Overcoming uncertainty with carbonyl sulfide-based GPP estimates: observing and modeling soil COS fluxes in terrestrial ecosystems

Abstract:

Significant carbonyl sulfide (COS) exchange by soils limits the applicability of net ecosystem COS flux observations as a proxy for stomatal trace gas exchange. High frequency measurements of COS over urban and natural ecosystems offer a potential window into processes regulating the carbon and water cycle: photosynthetic carbon uptake and stomatal conductance. COS diffuses through plant stomata and is irreversibly consumed by enzymes involved in photosynthesis. In certain environments, the magnitude of soil COS fluxes may constitute one-quarter of COS uptake by plants. Here we present a way of anticipating conditions when anomalously large soil COS fluxes are likely to occur and be taken into account.

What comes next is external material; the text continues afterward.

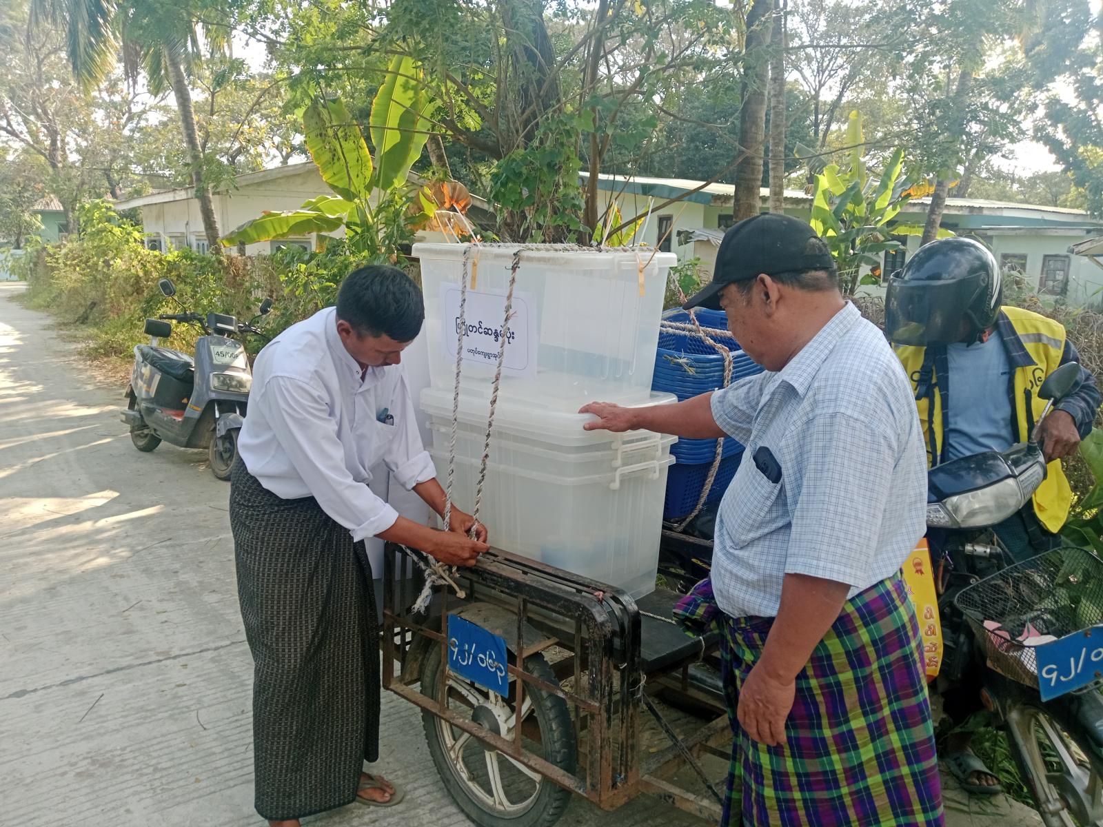 ထိုသို့ ပေးအပ်ရာတွင် မဲပုံး၊ ပလပ်စတစ်ခြင်းတောင်း၊ ဆန္ဒပြုခန်း၊ မင်ဗူး၊ လုံခြုံရေးကြိုးများနှင့် ကြိုတင်မဲလက်မှတ်များကို ရပ်ကွက်ကျေးရွာအတွင်းရှိ ရပ်/ကျေး စာရေးများထံ စနစ်တကျပေးအပ်ခဲ့ကြောင်း သိရပြီး ကြိုတင်မဲများကို ၁၅-၁-၂၀၂၆ ရက်နေ့မှ ၂၄-၁-၂၀၂၆ ရက်နေ့ထိ သက်ဆိုင်ရာမဲရုံများတွင် မဲရုံတာဝန်ကျဝန်ထမ်းများ၊ သက်ကြီးရွယ်အိုများ မဲပေးနိုင်ကြောင်း သိရသည်။

Previous studies have pointed to either a tendency for soil uptake of COS from the atmosphere with a soil moisture optimum, or exponential COS production coincident with temperature. Data from field and laboratory studies were used to deconvolve the two processes. CO2 and COS fluxes were observed from forest, desert, grassland, and agricultural soils under a range of temperature and soil moisture conditions. We demonstrate how to estimate temperature and soil moisture impacts on COS soil production based on our cross-site incubations. By building a model of soil COS exchange that combines production and consumption terms, we offer a framework for interpreting the two disparate conclusions about soil COS exchange in previous studies. Such a construction should be used in ecosystem and continental scale modeling of COS fluxes to anticipate where the influence of soil COS exchange needs to be accounted for, resulting in greater utility of carbonyl sulfide as a tracer of plant physiological processes.